Trump aides note support from some elected officials and volunteers within the Cuban-American community, but Trump adviser Karen Giorno said his strategy ultimately considers Cuban-Americans as it does anyone else: “They are worried about safety and security. They are worried about the economy. They are worried about drugs on the street. They are worried about the same things other Americans are worried about.”

Suarez, the Miami commissioner, applauds that approach, but he says it doesn’t account for some Cubans-Americans who are thinking of themselves, for the first time in presidential politics, as aligned with immigrants from Mexico and the nations of Central and South America – a collective class of people who have never enjoyed Cubans’ favored immigration status.
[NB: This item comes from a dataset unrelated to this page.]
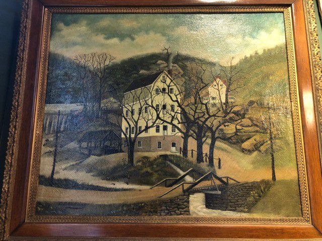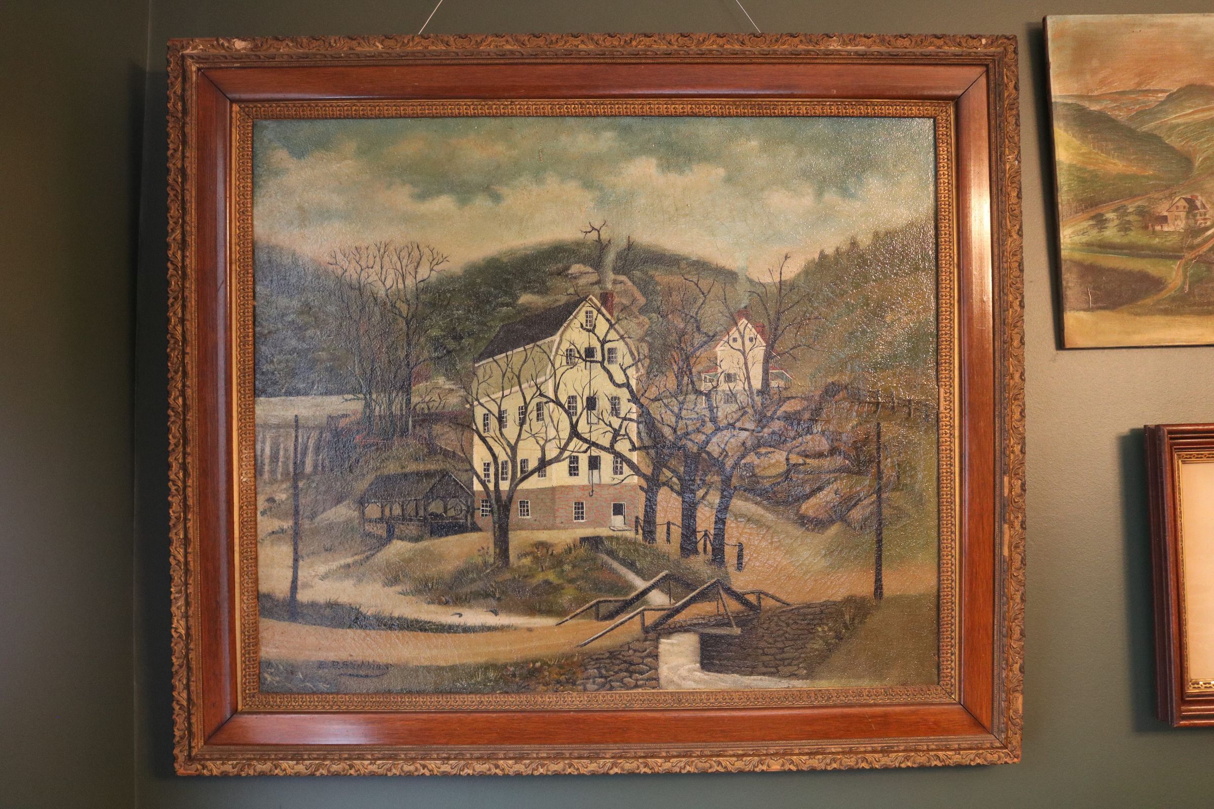Painting, oil. Painting shows a large white mill scene along a creek with a small iron bridge in the foreground. Painted by local artist Elmer Bloomfield Stubbins (1868-1942), with “E. B. Stubbins” signed on the lower left of the painting. Framed in a large wood frame with ornate gold detailing.
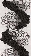 Цепи нуклеотидов образуют правозакрученные объемные спирали по 10 оснований в каждом витке. Последовательность соединения нуклеотидов одной цепи противоположна таковой в другой, т.е. цепи, составляющие одну молекулу ДНК, разнонаправленны, или антипараллельны: последовательность межнуклеотидных связей в двух цепях направлена в противоположные стороны: 5' —3' и 3' —5'. Сахаро-фосфатные группировки нуклеотидов находятся снаружи, а азотистые основания — внутри. Цепи, закрученные друг относительно друга, а также вокруг общей оси, образуют двойную спираль. Такая структура молекулы поддерживается в основном водородными связями (рис.).

“Some Cubans don’t consider themselves Hispanic,” says Amandi, the Democratic pollster. But now, says Republican pollster Dario Moreno, Trump has made immigration a “symbolic issue” that penetrates the Cuban psyche. “Anti-immigration rhetoric is taken as anti-Hispanic,” Moreno said, “and you see that even among the old Cubans” who were the first to arrive in Florida as refugees after Castro came to power in 1959.

Clinton certainly sees an opening. In the last week, she launched an advertising blitz featuring the endorsement of Carlos Gutierrez, a Cuban-American Republican and commerce secretary for President George W. Bush. Speaking in Spanish, Gutierrez calls Trump dangerous and says: “For me, it’s country first, and then party.”

One of the GOP’s top financiers, health-care billionaire Mike Fernandez, recently called Trump an “abysmally unfit candidate” and endorsed Clinton.

Other prominent Republicans – Miami Mayor Tomas Regalado and U.S. Reps. Carlos Curbelo and Ileana Ros-Lehtinen – have said they will not support Trump, though they’ve stopped short of endorsing Clinton.

Tejera, the broadcaster, says heavyweights like Gutierrez and Fernandez “won’t move one vote,” but their public backing of a Democratic nominee is a striking development in Cuban-American politics.